// Section 1 — The Model · 2 MIN READ
Inference★
Inference is the read-only phase of a model's life. Every time you ask a question or an agent requests a tool call, the client sends your prompt to a server (or local runner) which executes the parameters over the input tokens to generate the response.
Unlike training, which is a one-time capital expense, inference creates a recurring operational cost. Model providers charge per-token, separating input tokens (cheaper) and output tokens (more expensive because they must be computed sequentially).
Optimizing Inference Latency & Cost
- Time to First Token (TTFT): The duration it takes to process the input prompt (prefill phase). This scales with input size, but can be optimized using Prompt Caching.

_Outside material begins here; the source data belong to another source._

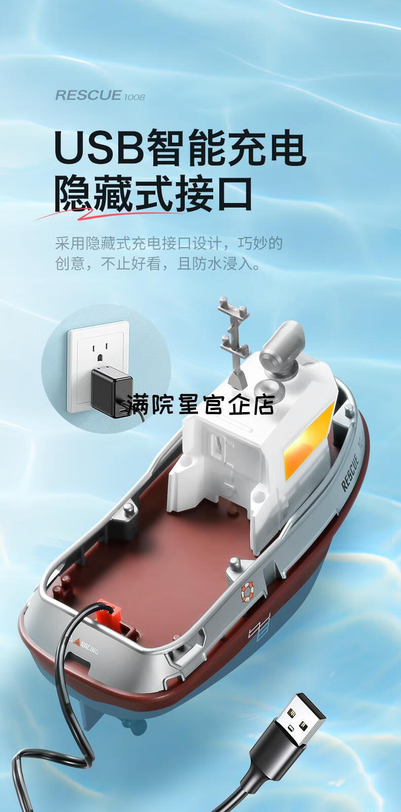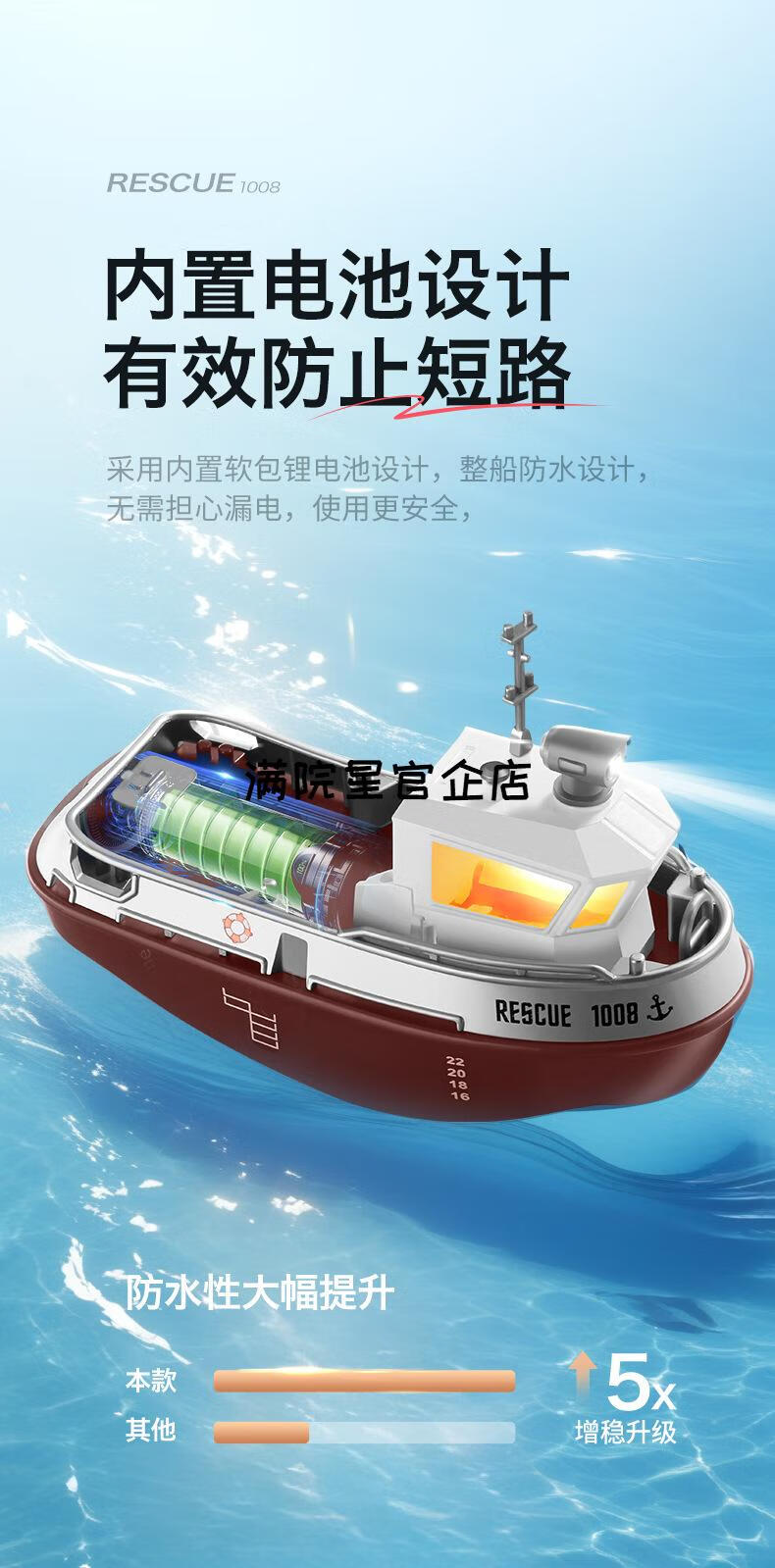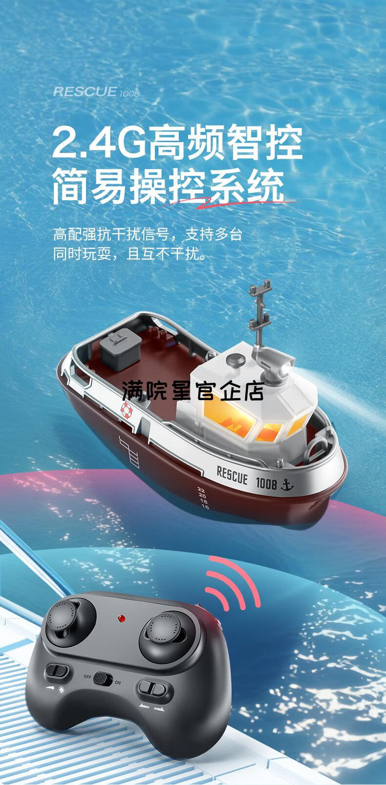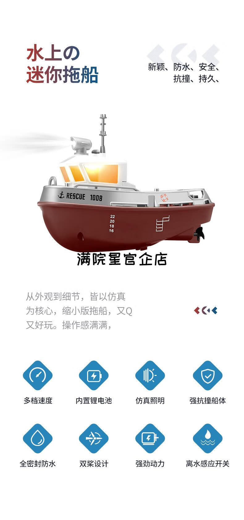 Mini-ferngesteuerter Schlepper kann ins Wasser gelassen werden, drahtloses elektrisches Hochgeschwindigkeits-Schnellboot, Schiff, Wassersimulations-Spielzeugbootmodell für Kinder, kleiner ferngesteuerter Schlepper, einstellbare Geschwindigkeit + Licht + Antivirus usw.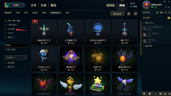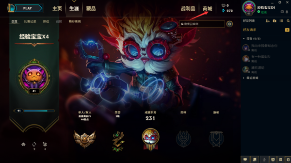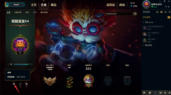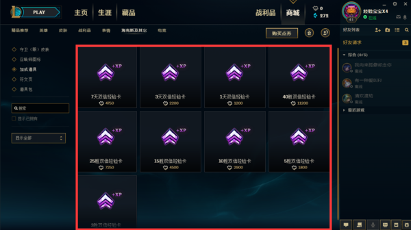 登录游戏界面找到左边的生涯,点击。在生涯界面,指向左下角的经验加成图标,就会显示了。经验加成卡用完了可以在商城购买,点击右上方的商城。进入商城后点击海克斯及其他。进入后点击加成道具就能购买了。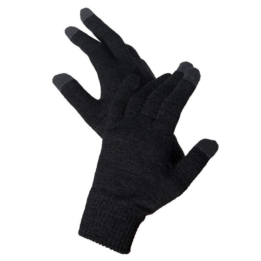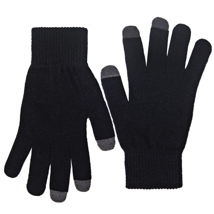 Перчатки из теплого и мягкого акрила с сенсорными наконечниками. Основной цвет: черный. Цвет сенсорных вставок: серый меланж. Цвет, близкий к Pantone 426C.

- Inter-Token Latency (ITL): The duration between output tokens (generation phase). This is bound by GPU memory bandwidth since the model must read all parameters from VRAM for every single token generated.
- Pruning: Keeping prompts short directly reduces both TTFT and total inference costs.
# AVOID
Do not assume that executing multiple identical prompts simultaneously will share generation costs.
- Avoid: "Let's run 5 parallel agents with the same 100K token documentation block to speed up work."
- Write: "We should verify if our provider supports prefix/prompt caching. Otherwise, running those 5 agents in parallel will cost 5x inference charges on the input prefill."
# USAGE
Developer A: "Our agent is taking 10 seconds to respond. Is it training?"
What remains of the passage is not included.